====== GIVEN INFORMATION ======

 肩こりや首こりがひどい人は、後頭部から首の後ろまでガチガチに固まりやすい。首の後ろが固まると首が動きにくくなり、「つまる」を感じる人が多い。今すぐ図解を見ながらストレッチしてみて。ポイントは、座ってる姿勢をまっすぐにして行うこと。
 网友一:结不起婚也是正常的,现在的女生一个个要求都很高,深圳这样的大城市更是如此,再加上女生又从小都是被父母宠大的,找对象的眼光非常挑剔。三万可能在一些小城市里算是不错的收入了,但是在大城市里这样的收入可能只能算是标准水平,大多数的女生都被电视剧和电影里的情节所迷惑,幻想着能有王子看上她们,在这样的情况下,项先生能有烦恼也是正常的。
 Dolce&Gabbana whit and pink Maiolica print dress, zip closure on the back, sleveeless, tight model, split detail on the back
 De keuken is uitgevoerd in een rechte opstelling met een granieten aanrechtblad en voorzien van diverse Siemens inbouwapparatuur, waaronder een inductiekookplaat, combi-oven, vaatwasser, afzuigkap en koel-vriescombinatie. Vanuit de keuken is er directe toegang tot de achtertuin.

======

#### REQUIRED WORK
Please transcribe the entire listing exactly as given.

#### ANSWER TO THIS PROBLEM
 肩こりや首こりがひどい人は、後頭部から首の後ろまでガチガチに固まりやすい。首の後ろが固まると首が動きにくくなり、「つまる」を感じる人が多い。今すぐ図解を見ながらストレッチしてみて。ポイントは、座ってる姿勢をまっすぐにして行うこと。
 网友一:结不起婚也是正常的,现在的女生一个个要求都很高,深圳这样的大城市更是如此,再加上女生又从小都是被父母宠大的,找对象的眼光非常挑剔。三万可能在一些小城市里算是不错的收入了,但是在大城市里这样的收入可能只能算是标准水平,大多数的女生都被电视剧和电影里的情节所迷惑,幻想着能有王子看上她们,在这样的情况下,项先生能有烦恼也是正常的。
 Dolce&Gabbana whit and pink Maiolica print dress, zip closure on the back, sleveeless, tight model, split detail on the back
 De keuken is uitgevoerd in een rechte opstelling met een granieten aanrechtblad en voorzien van diverse Siemens inbouwapparatuur, waaronder een inductiekookplaat, combi-oven, vaatwasser, afzuigkap en koel-vriescombinatie. Vanuit de keuken is er directe toegang tot de achtertuin.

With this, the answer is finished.